## Work item
Beginning at the line containing "點擊下載全文:大體積混凝土生產(chǎn)與澆筑施工質(zhì)量控制", repeat each line below exactly up to and including the line containing "3、消除所有麻将即可赢得关卡;". Do not repeat the pictures.

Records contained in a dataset
● ● ●
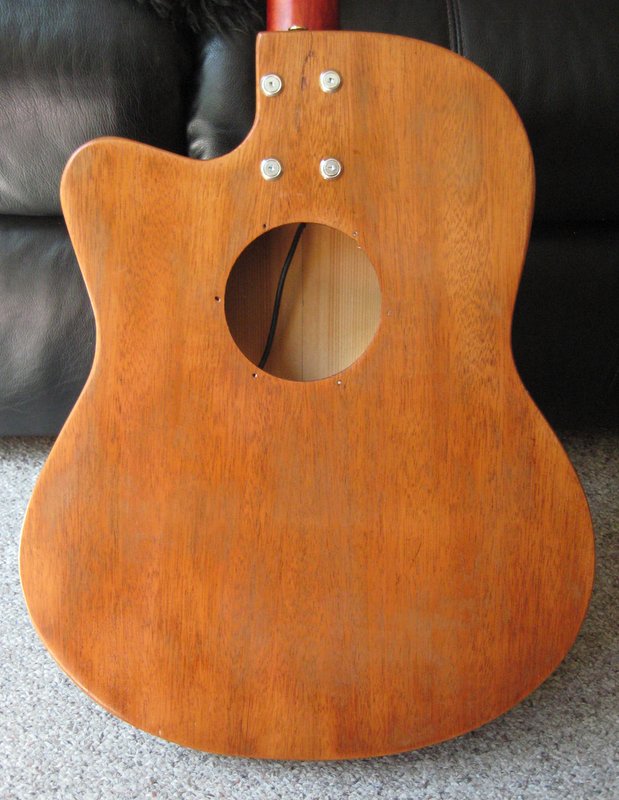 So, I got it all assembled and wonder of wonders, it sounds great without a hole in the top. Imagine my shock! Despite the thick soundboard and lack of hole, this thing is loud and sounds a lot like a carved archtop with the strong attack you want in jazz. The pickup is great too and deserves the reputation it has for not only jazz but most any type of electric guitar music you can name.
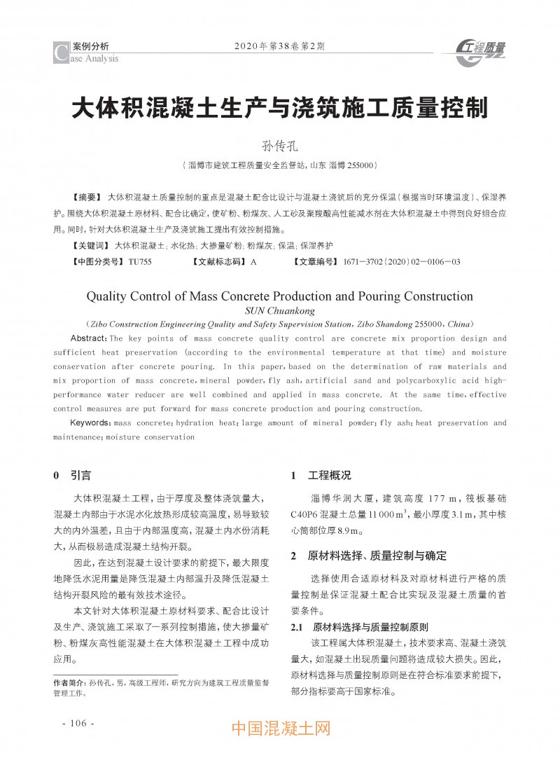 點擊下載全文:大體積混凝土生產(chǎn)與澆筑施工質(zhì)量控制
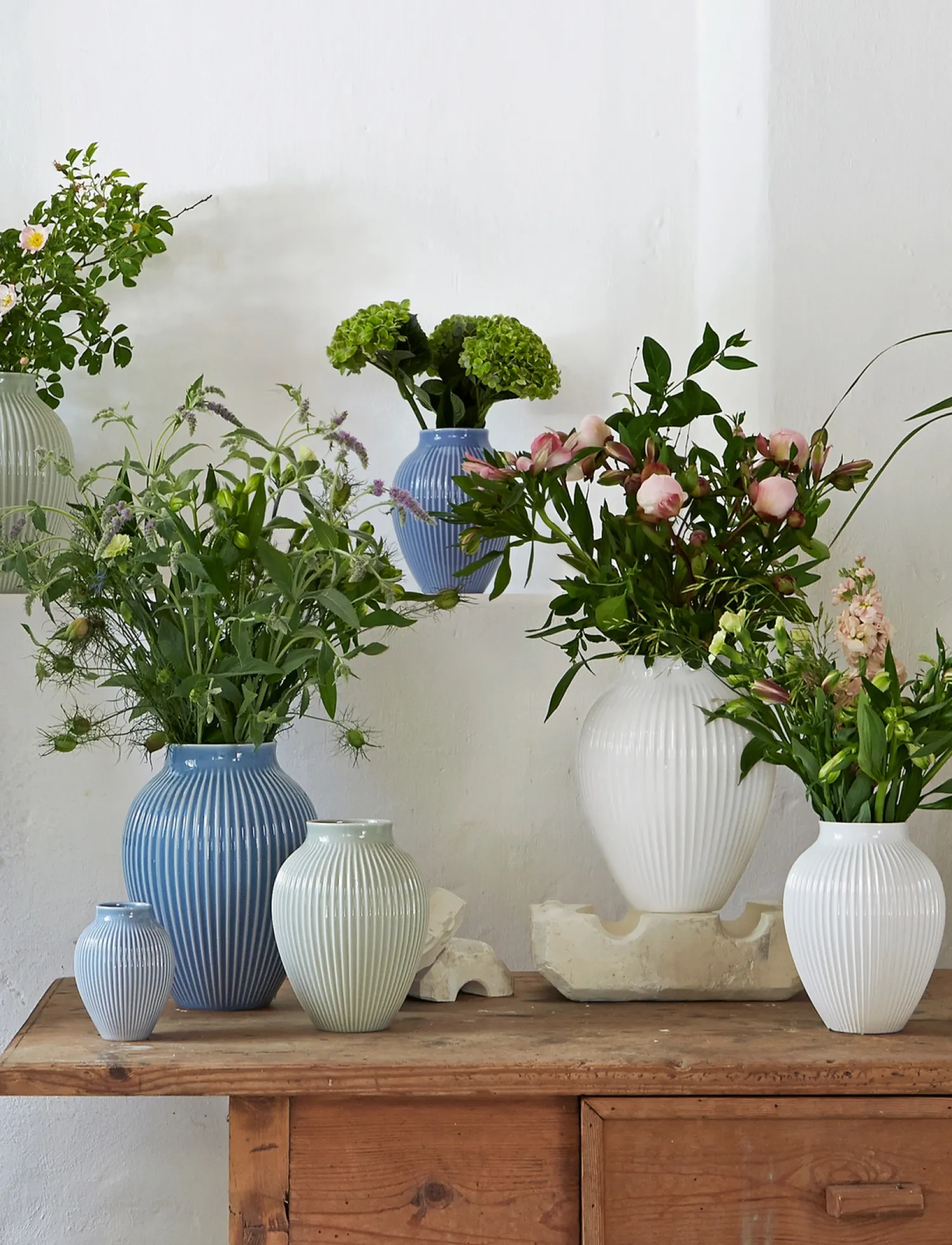 Gennem tiden har Knabstrup Keramik produceret et utal af smukke vaser i forskellige formgivninger. Denne vase er vi særligt stolte af. Den blev oprindeligt formgivet i slutningen af 1940’erne og med sin elegante og klassiske form er vasen et tidløst stykke keramik, der holder stilen langt ind i fremtiden. Knabstrup vasen er designet, så den ikke bare præsenterer sig selv, men også sæsonens blomsterbuketter og grene på smukkeste vis. Nu lanceres vasen med riller, hvilket giver den klassiske form helt nyt liv og giver et moderne og interessant udtryk, som passer perfekt ind i den nordiske boligindretning.
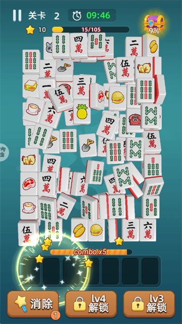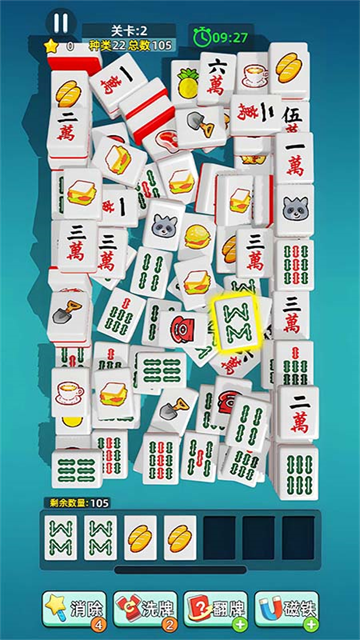 3、消除所有麻将即可赢得关卡;
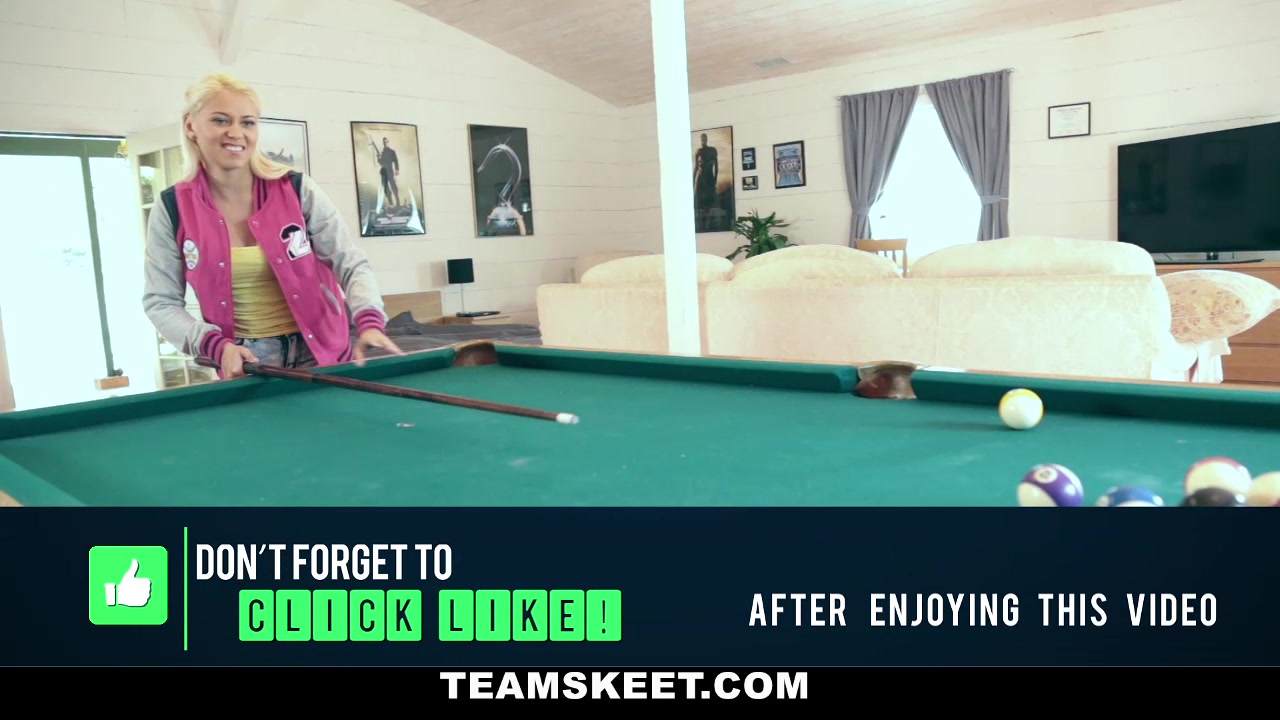 Pretty little naughty blonde woman Marsha May gets fucked in different positions by her step dad on top of a billiard table.
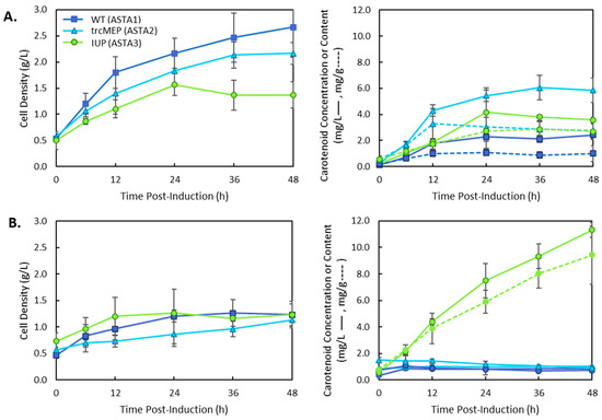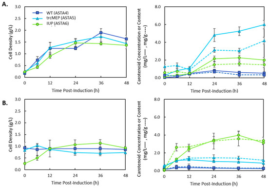Total carotenoid production in strains 4–6 containing the wild-type (4), trcMEP (5), or IUP (6) pathway and the p5T7-Astaipi plasmid. Cultures were grown in (A) LB media or (B) M9 media and induced with 0.1 mM IPTG. Cell growth by dry cell weight is plotted on the lefthand side. Total carotenoids were quantified, and carotenoid concentration (solid lines) and carotenoid content (dashed lines) are shown on the righthand plots.
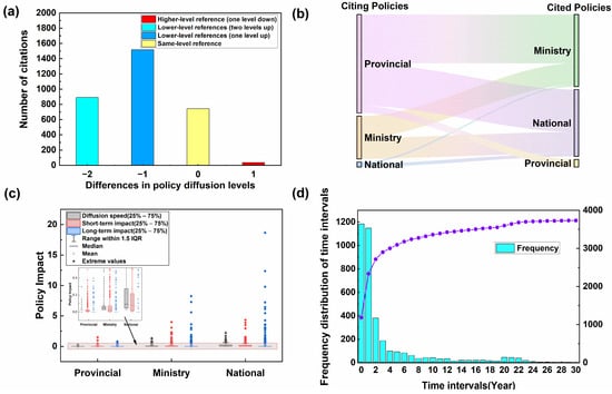 Diffusion patterns of ASTPs (a). Diffusion of policies between different administrative levels (b). Distribution of policy impact across provincial, ministerial, and national policies. The x-axis indicates policy levels, and the y-axis shows impact scores based on citation frequency. Gray dots represent diffusion speed, red dots indicate short-term impact (within 5 years), and blue dots represent long-term impact (after 5 years) (c). Time intervals of policy citations (d).
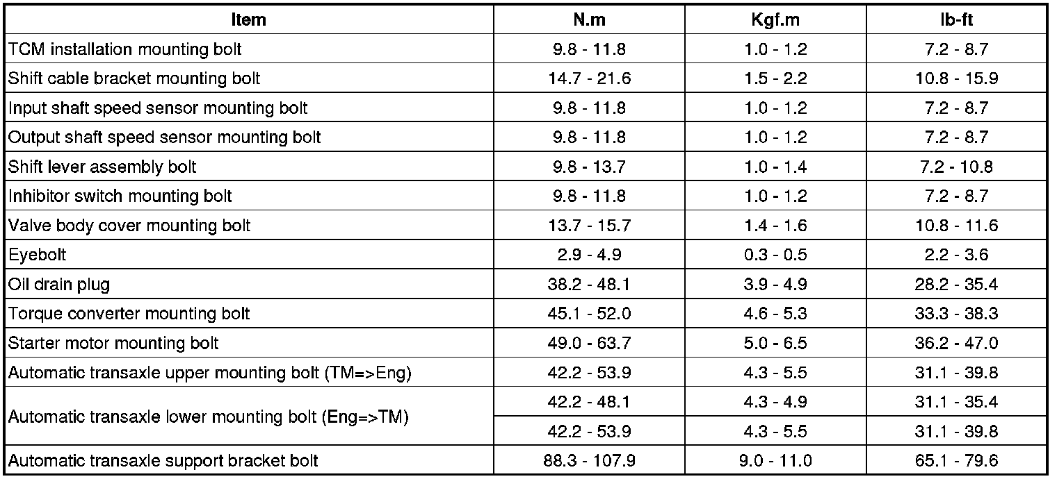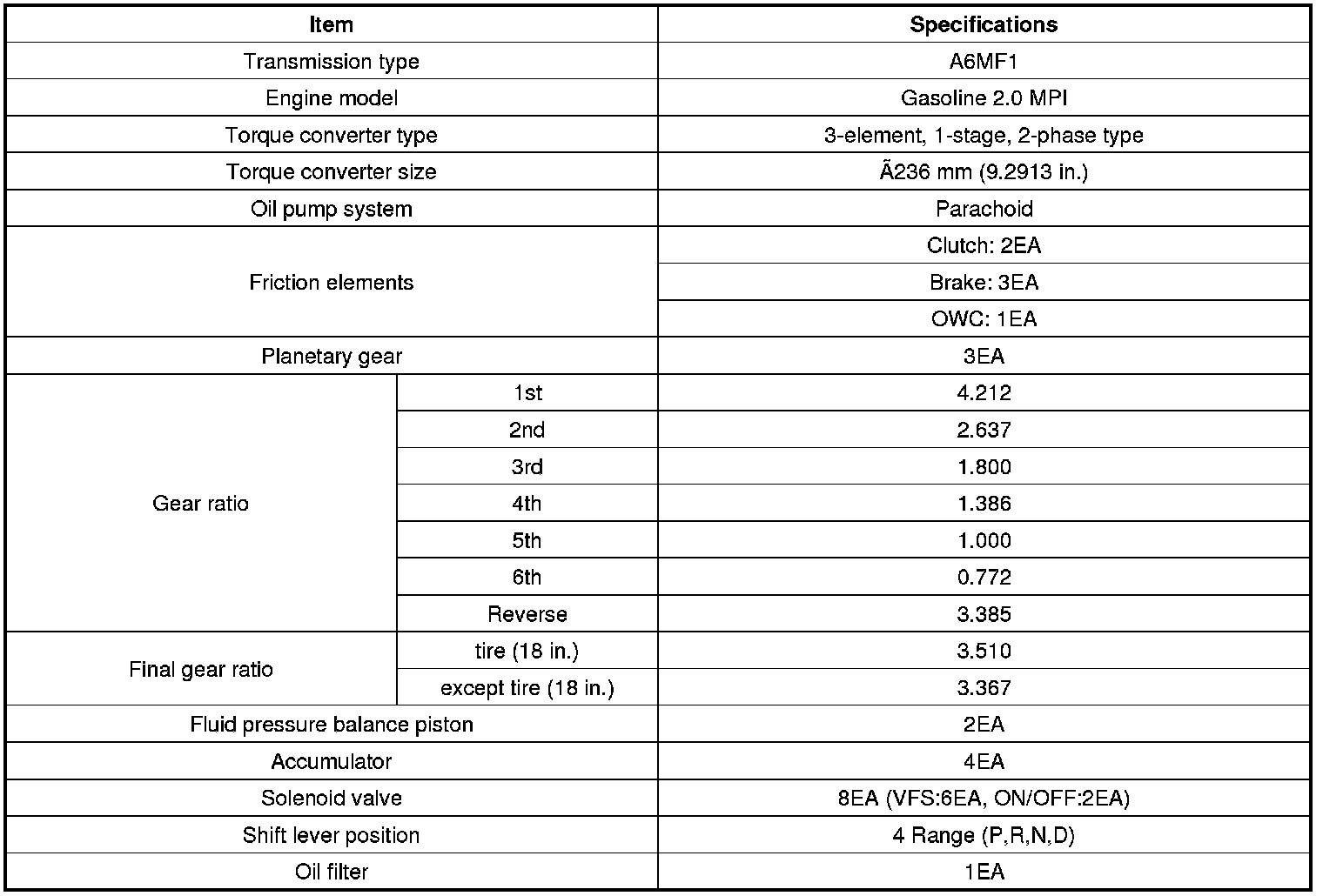 Home >> Kia >> 2012 >> Soul L4-2.0L >> Repair and Diagnosis >> Specifications >> Mechanical Specifications >> Automatic Transmission/Transaxle >> System Specifications
● ● ●
## Response
 點擊下載全文:大體積混凝土生產(chǎn)與澆筑施工質(zhì)量控制
 Gennem tiden har Knabstrup Keramik produceret et utal af smukke vaser i forskellige formgivninger. Denne vase er vi særligt stolte af. Den blev oprindeligt formgivet i slutningen af 1940’erne og med sin elegante og klassiske form er vasen et tidløst stykke keramik, der holder stilen langt ind i fremtiden. Knabstrup vasen er designet, så den ikke bare præsenterer sig selv, men også sæsonens blomsterbuketter og grene på smukkeste vis. Nu lanceres vasen med riller, hvilket giver den klassiske form helt nyt liv og giver et moderne og interessant udtryk, som passer perfekt ind i den nordiske boligindretning.
 3、消除所有麻将即可赢得关卡;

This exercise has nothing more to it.